At the bottom of the HTML confirmation page or in the log file in your logs directory on loader.princeton.edu should be the message:
==== 1 out of 1 were successfully loaded. ====
In the case of a batch load the numbers would be greater, for example, "10 out of 10".
Common Problems
- If your results have not been loaded 1 day after entry into the
queue, please notify the microarray database curators.
- File location: All files must be in the same directory or subdirectory of your incoming account on loader.princeton.edu or the arrayfiles server.
- UNIX file names: The names of your uploaded files
should not
contain spaces, or any of
the following characters:
'
"
#
,
/
\
?
<
>
;
:
!
@
%
^
&
*
(
)
- Occasionally, we backup and re-index the database.
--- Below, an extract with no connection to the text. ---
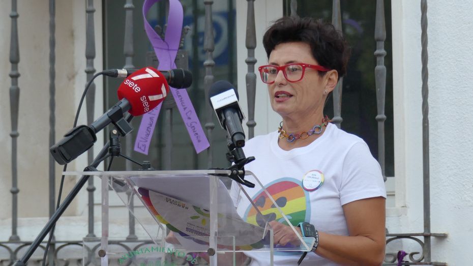 El año pasado fue Manuel Mateo Laynez el padrino de este 28 de junio, y este año, era la persona que pasaba el testigo a su amiga Sonia, una mujer, lesbiana, profesora, que ha vivido su orientación sexual siempre con libertad y coherencia, aspectos que anoche la llevaron a ser parte protagonista de una jornada en la que defendió la normalidad ante todo. Esta roteña mostró su orgullo por haber sido elegida para este cometido, agradeciendo a su amiga Carmen Zurita, referente en la lucha de los derechos LGTBI, que la propusiera y agradeciendo a la delegación de Diversidad y en concreto a la anterior delegada Esther García, su trabajo de los últimos cuatros años.

This process
can significantly delay the loading of data (and vice versa). We
suggest not loading during these time periods. Consult the Scheduled
Database Backups page for the times to avoid.
- Sometimes the conversion of the 2 TIFF images to a proxy image
(for web viewing) fails. Please check your loaded arrays by
displaying them and verifying the clickable-image. If you need to
replace the gif file that we have created for you, please see our help documentation for this.
If there is no clickable-image icon present, contact the microarray database
curators.
- Errors? What errors? Shortly after a queue batch
request is processed (successfully or not), you will no longer be able
to monitor its status within the queue (as it has been removed, and its
web log with it). However, just check your logs directory on
loader.princeton.edu to see the text log file of the database entry.
The log file name uses the batch number, e.g. "1234.log".